Greek Government Teetering On Collapse

The Greek government teetered on the brink of collapse on Thursday over plans for a referendum on a euro zone bailout, with defections from the ruling party casting grave doubt on whether Prime Minister George Papandreou can survive a confidence vote.

"I don't think the government will last until tonight," said Costas Panagopoulos, Managing Director of pollsters ALCO.

Finance Minister Evangelos Venizelos broke ranks with Papandreou, coming out against holding the referendum after a bruising meeting with the German and French leaders, who made clear that Greece would not receive a cent more in aid until it votes to meet its commitments to the euro zone.

"The referendum is dead," Greek ruling party lawmaker Nikos Salayannis said on state radio.

An emergency cabinet session was scheduled for midday followed by a likely meeting of lawmakers from Papandreou's socialist party PASOK amid speculation that they will call on him to resign.

Another PASOK lawmaker said she would not support the government in a parliamentary vote of confidence on Friday, cutting its majority for the vote to just one. Snap elections would probably follow if Papandreou's majority vanished.

PASOK was in turmoil on Thursday, with one senior lawmaker calling for a government of national unity following Papandreou's shock call for the plebiscite, and another saying he should resign.

If the government fell and snap elections were called, the referendum would be canceled. The bailout would have to be approved by the next parliament that emerges from elections.

Some lawmakers are calling for a government of national unity which would have the job of getting the bailout through parliament before calling early elections. But the main opposition New Democracy has repeatedly refused cooperation.

Venizelos, one of the most powerful men in the PASOK government, originally supported Papandreou's plan. His change of mind came after he and Papandreou attended an emergency summit in Cannes on Wednesday with German Chancellor Angela Merkel and French President Nicolas Sarkozy.

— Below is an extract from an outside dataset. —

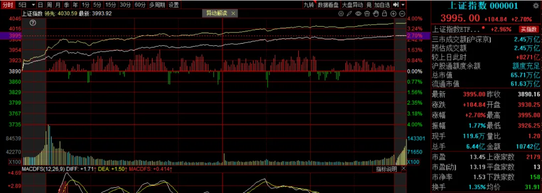 市场集体反弹,沪指百点长阳,创业板指涨近6%、科创50指数涨超6%。全市场超5100只个股上涨。

A finance ministry source told Reuters on condition of anonymity that Venizelos believed the vote on the bailout, which was agreed by euro zone leaders only last week, should not be held while immediate funding to keep Greece afloat still had to be secured.


"Under these conditions a referendum is exactly what the country does not need. He would not have objections if all our pending issues such as the loan installment and the completion of the bailout plan had been sorted out," the source said after the meeting with Merkel and Sarkozy.

"It was a very difficult meeting," the source added.

Papandreou's bombshell announcement on Monday of the referendum and parliamentary vote of confidence plunged Greece into a political as well as an economic crisis.

Papandreou's once-comfortable majority has dwindled to almost nothing. On Thursday PASOK lawmaker Eva Kaili announced she would stay in the party but refused to support the government in the crucial vote expected late on Friday.

"Herewith I inform you that I am not resigning as an elected representative of my fellow citizens and my generation, but in Friday's vote I will not cast a vote of confidence in your government," she said in a letter to the speaker of parliament, a fellow PASOK member.

Kaili published the letter on her Facebook page.

This left Papandreou with the support of just 151 deputies out of 300 for Friday's vote.

PASOK lawmaker Costas Gitonas also said the referendum should not take place. "No, by no means," he told Mega TV. "It's a madhouse."

The specter of a hard Greek default and euro exit hung over a meeting of G20 leaders beginning in Cannes on Thursday. The French Riviera summit had been meant to focus on reforms of the global monetary system and steps to rein in speculative capital flows, but the shock waves from Greece have upended the talks.